What to produce
For the listing below, the answer is an exact retyping of the lines from the one with "权证遗失作废或补发公告 (2026)-104号" through the one with "This funky two-piece", both included, without pictures.

Study material
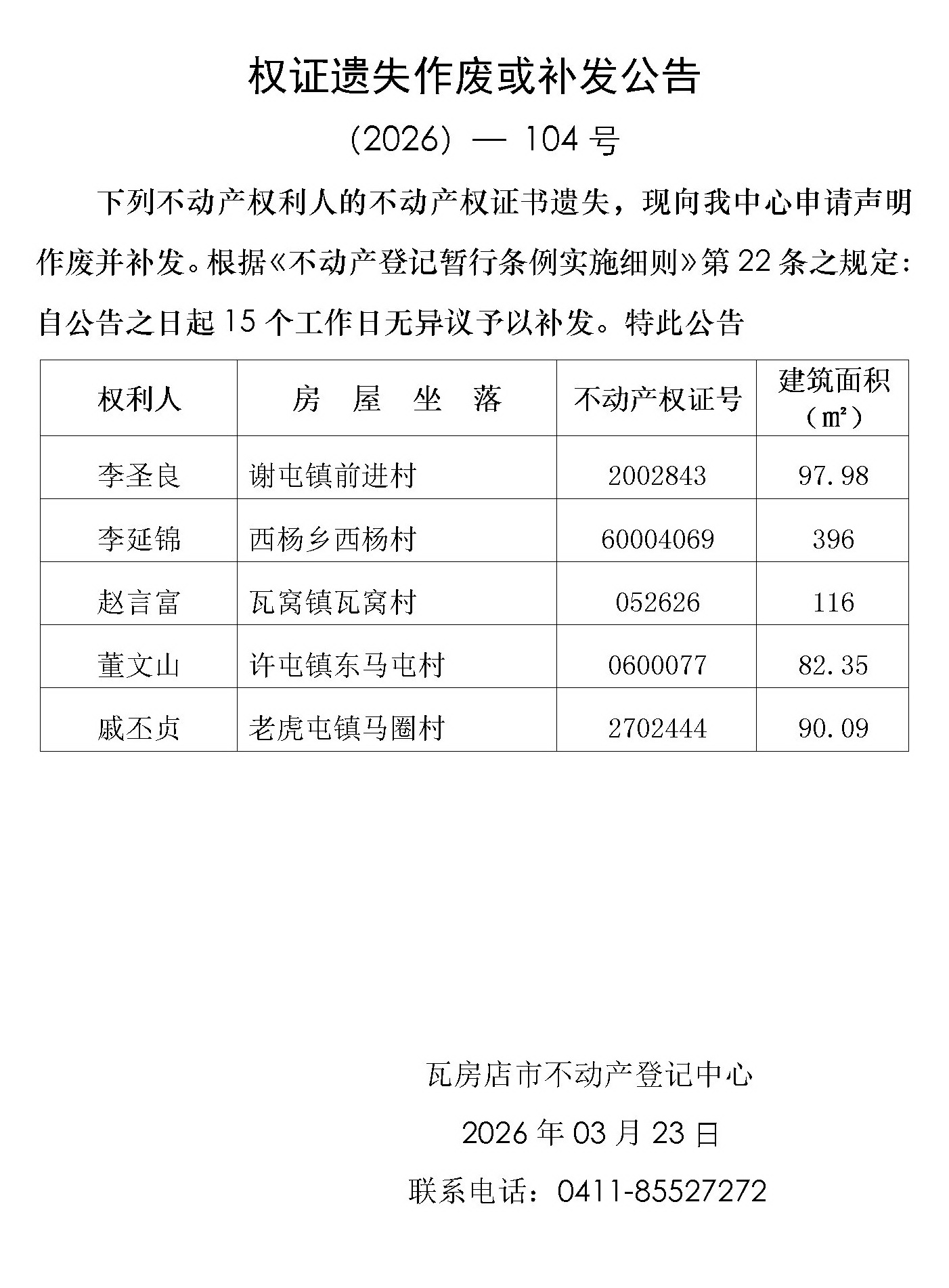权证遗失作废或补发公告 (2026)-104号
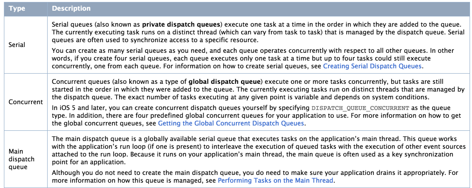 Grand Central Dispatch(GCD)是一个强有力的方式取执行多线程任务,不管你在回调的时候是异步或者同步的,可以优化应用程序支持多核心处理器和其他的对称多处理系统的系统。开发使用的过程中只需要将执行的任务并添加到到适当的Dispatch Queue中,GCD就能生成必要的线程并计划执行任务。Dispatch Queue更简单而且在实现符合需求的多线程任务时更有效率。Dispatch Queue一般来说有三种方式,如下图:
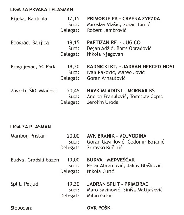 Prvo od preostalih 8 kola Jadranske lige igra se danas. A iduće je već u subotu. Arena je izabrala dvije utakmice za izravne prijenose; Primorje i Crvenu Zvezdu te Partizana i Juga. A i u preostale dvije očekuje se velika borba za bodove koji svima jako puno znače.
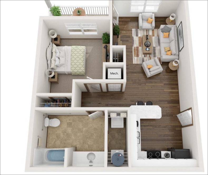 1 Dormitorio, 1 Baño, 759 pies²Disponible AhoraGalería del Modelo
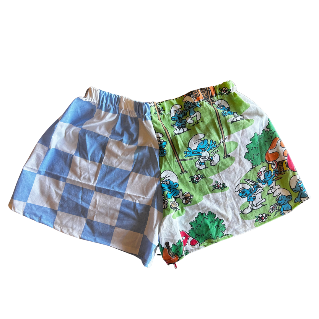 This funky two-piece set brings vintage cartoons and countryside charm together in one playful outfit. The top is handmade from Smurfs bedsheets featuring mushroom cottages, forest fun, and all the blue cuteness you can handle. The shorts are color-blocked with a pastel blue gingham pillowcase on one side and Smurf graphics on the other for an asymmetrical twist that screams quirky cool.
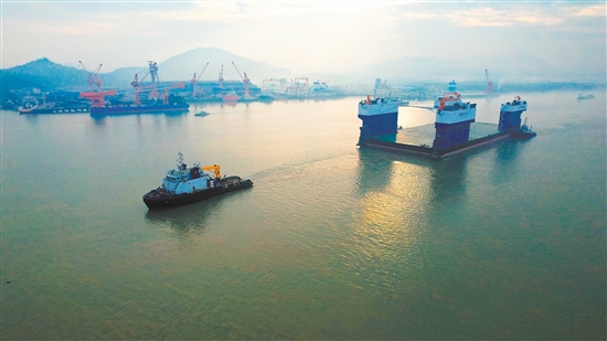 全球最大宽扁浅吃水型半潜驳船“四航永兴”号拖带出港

---

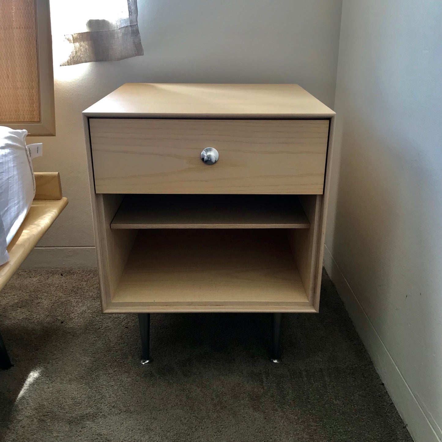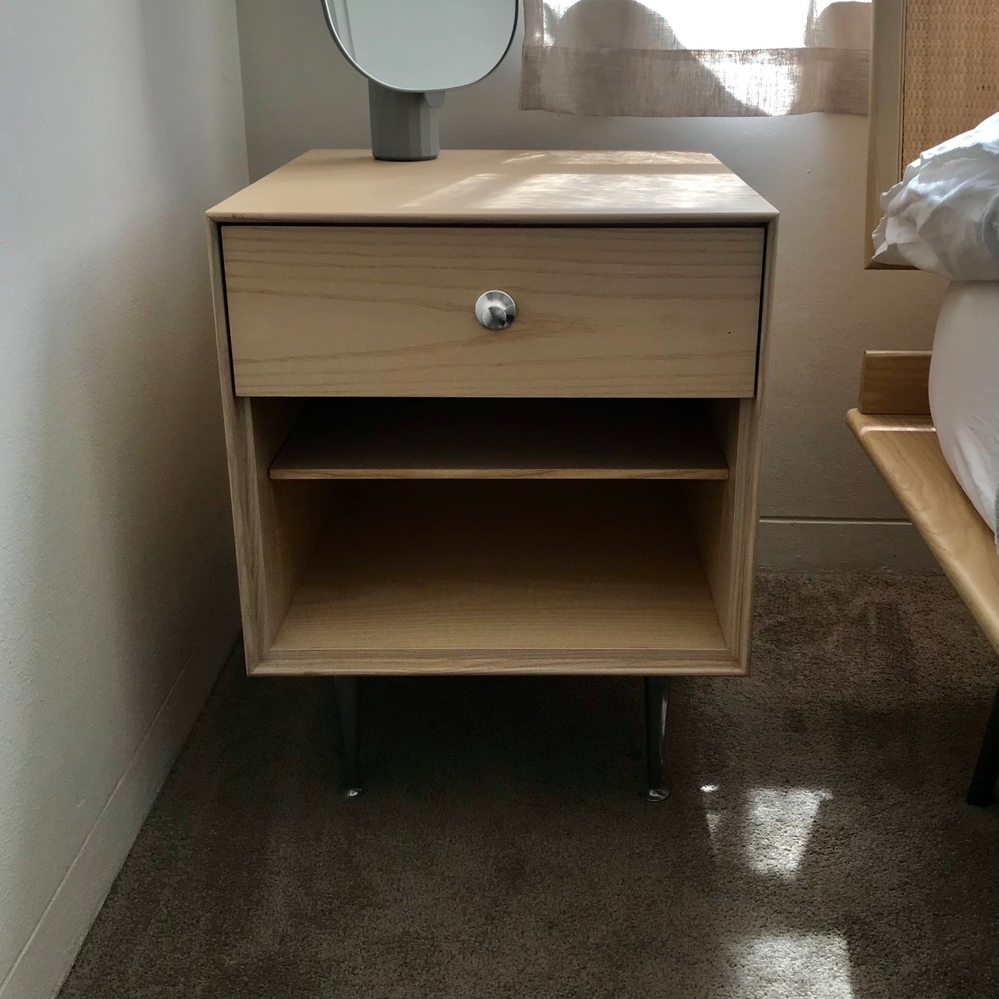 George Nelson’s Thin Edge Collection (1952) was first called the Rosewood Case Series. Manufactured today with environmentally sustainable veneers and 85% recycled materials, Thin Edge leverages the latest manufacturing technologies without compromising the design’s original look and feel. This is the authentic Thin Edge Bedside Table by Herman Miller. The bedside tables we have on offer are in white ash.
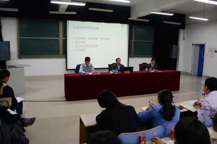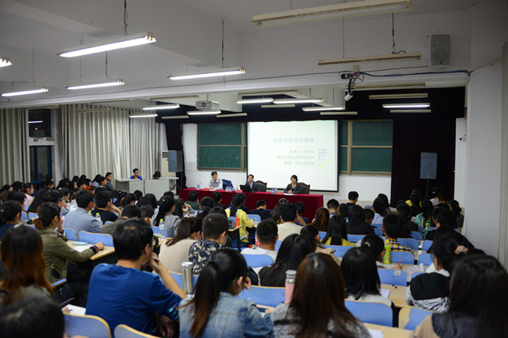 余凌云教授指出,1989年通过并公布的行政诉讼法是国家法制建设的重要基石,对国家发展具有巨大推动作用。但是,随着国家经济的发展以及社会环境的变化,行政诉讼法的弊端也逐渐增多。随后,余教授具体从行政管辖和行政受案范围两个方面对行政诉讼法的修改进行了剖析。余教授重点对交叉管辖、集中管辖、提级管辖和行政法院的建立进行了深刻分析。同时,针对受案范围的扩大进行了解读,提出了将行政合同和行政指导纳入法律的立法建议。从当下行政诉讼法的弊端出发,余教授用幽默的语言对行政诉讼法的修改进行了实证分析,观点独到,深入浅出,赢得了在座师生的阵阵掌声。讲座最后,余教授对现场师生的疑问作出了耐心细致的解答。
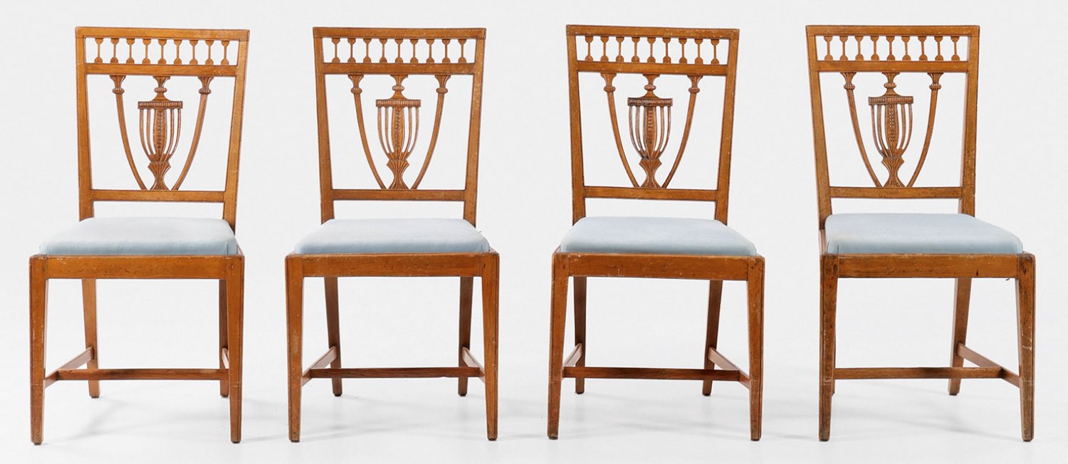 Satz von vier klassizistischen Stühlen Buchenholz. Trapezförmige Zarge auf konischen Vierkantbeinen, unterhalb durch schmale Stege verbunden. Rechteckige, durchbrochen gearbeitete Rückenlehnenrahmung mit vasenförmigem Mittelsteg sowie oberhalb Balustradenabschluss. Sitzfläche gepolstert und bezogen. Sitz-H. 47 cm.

Result of the task
权证遗失作废或补发公告 (2026)-104号
 Grand Central Dispatch(GCD)是一个强有力的方式取执行多线程任务,不管你在回调的时候是异步或者同步的,可以优化应用程序支持多核心处理器和其他的对称多处理系统的系统。开发使用的过程中只需要将执行的任务并添加到到适当的Dispatch Queue中,GCD就能生成必要的线程并计划执行任务。Dispatch Queue更简单而且在实现符合需求的多线程任务时更有效率。Dispatch Queue一般来说有三种方式,如下图:
 Prvo od preostalih 8 kola Jadranske lige igra se danas. A iduće je već u subotu. Arena je izabrala dvije utakmice za izravne prijenose; Primorje i Crvenu Zvezdu te Partizana i Juga. A i u preostale dvije očekuje se velika borba za bodove koji svima jako puno znače.
 1 Dormitorio, 1 Baño, 759 pies²Disponible AhoraGalería del Modelo
 This funky two-piece set brings vintage cartoons and countryside charm together in one playful outfit. The top is handmade from Smurfs bedsheets featuring mushroom cottages, forest fun, and all the blue cuteness you can handle. The shorts are color-blocked with a pastel blue gingham pillowcase on one side and Smurf graphics on the other for an asymmetrical twist that screams quirky cool.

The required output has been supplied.